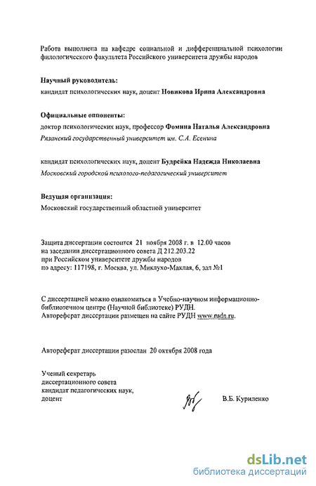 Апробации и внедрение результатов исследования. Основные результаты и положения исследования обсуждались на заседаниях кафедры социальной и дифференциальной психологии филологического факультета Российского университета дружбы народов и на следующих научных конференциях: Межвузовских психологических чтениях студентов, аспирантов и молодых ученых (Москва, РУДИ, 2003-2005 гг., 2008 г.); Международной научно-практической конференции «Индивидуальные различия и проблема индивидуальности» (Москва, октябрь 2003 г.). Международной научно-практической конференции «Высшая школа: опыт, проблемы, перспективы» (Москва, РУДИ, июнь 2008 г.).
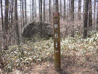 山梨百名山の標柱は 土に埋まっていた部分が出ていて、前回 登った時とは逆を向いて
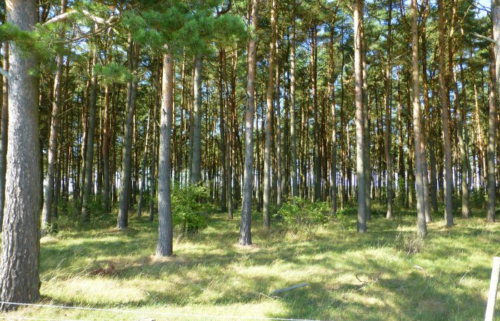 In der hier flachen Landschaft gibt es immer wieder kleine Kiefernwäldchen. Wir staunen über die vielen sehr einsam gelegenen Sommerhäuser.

What you need to do
Return the listing above in full and without alteration, excluding its pictures.

Task solution
 Апробации и внедрение результатов исследования. Основные результаты и положения исследования обсуждались на заседаниях кафедры социальной и дифференциальной психологии филологического факультета Российского университета дружбы народов и на следующих научных конференциях: Межвузовских психологических чтениях студентов, аспирантов и молодых ученых (Москва, РУДИ, 2003-2005 гг., 2008 г.); Международной научно-практической конференции «Индивидуальные различия и проблема индивидуальности» (Москва, октябрь 2003 г.). Международной научно-практической конференции «Высшая школа: опыт, проблемы, перспективы» (Москва, РУДИ, июнь 2008 г.).
 山梨百名山の標柱は 土に埋まっていた部分が出ていて、前回 登った時とは逆を向いて
 In der hier flachen Landschaft gibt es immer wieder kleine Kiefernwäldchen. Wir staunen über die vielen sehr einsam gelegenen Sommerhäuser.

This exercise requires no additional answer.